Prime Minister Tu’i’onetoa  also questioned whether the late ‘Akilisi Pōhiva resigned when he was charged with seditious conspiracy after the Nuku’alofa riot on 16 November 2006.

He said he was not on the list of the seven ministers who resigned that we provided to him.

The late Pōhiva was not a member of the Cabinet at the time he was charged.


Na’e ‘oange ha faingmālie ki he ‘Eiki Palēmia’ ko e hā ha’ane lau ki he ui ko ‘eni’ ke fakafisi ‘ene MInisitā ki he Ngaahi Ngāue Lalahi’ tu’unga he’ene ongo hopo lalahi ‘e ua kuo kamata’. Pehē ‘e he Palēmia tuku ke pule ‘a e lao’ ‘o ne ‘uhinga ‘oku tonuhia ‘a e taha kotoa pe kae ‘oua leva ke fakamo’oni’i kuo halaia ‘i he fakamaau’anga’. Na’e toe ‘eke ange leva ki ai pe ko ‘ene ‘uhinga’ ka iku ‘o halaia ‘a ‘Akosita he’ene ongo hopo ko ‘eni’, te ne tu’utu’uni ke ne fakafisi?

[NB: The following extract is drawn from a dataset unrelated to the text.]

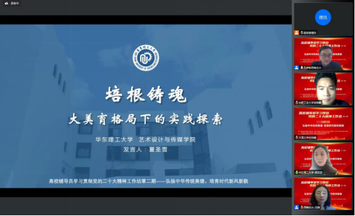 beat365正版唯一官网必一廖凡老师作了题为“‘XIN空间·芯美育’趋美向善、以文化人、以美育人”的报告,介绍了学院将美育融入到德育、智育工作,延伸到宿舍、楼宇空间,打造 “XIN空间·芯美育”品牌系列活动,详细介绍了品牌打造的四条路径:节日植入弘扬传统美、活动植入体现艺术美、文化软植入彰显人文美、专业软植入展示专业美。华东理工大学艺术学院党委副书记王珊进行了点评,她认为beat365正版唯一官网必一生动地展现了理工类高校在加强和推进美育教育中的举措与成效,体现了科学与艺术相结合的理念。科学和艺术可以相辅相成,加强高校美育教育,有利于促进理工类高校的学生在学习生活中强化文化主体意识,推动广大青年学子树立纯真向善审美观,构建美好心灵和健全人格。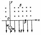 (18分)如图所示,在xOy平面上内,x轴上方有磁感应强度为B,方向垂直xOy平面指向纸里的匀强磁场,x轴下方有场强为E、方向沿y轴负方向的匀强磁场,现将一质量为m,电量为e的电子,从y轴上M点由静止释放,要求电子进入磁场运动可通过x轴上的P点,P点到原点的距离为L.

Pea’ ne ‘ikai ha tali hangatonu ‘a e PM ki he fehu’i ko ia’. Ko e kau minisitā kotoa ‘a Tonga ne fakafisi ki mu’a’ meimei ne nau fakafisi hili hanau tukuaki’i pea ni’ihi nau fakafisi pe ‘ia kinautolu pe ko hono tu’utu’uni’i ke fakafisi i honau ngaahi tukuaki’i’. Ne ‘ikai ha taha ‘ia kinautolu ‘e iku ‘enau ngaahi keisi’ ki he fakamaau’anga’ tuku kehe ‘a ‘Akosita ne fekau ke fakafisi ‘i he 2018′ hili hono faka’ilo ia tukuaki’i ki hano fa’u kākaa’i ha fakamatala ke ma’u ai ha pa’anga lahi mei he pule’anga’. Ne toe ui ia ‘e Tu’ionetoa ke ne hoko ko ‘ene minisitā ‘o a’u ko ‘eni ke kamata ‘ene hopo ko ia’ he uike kaha’u’.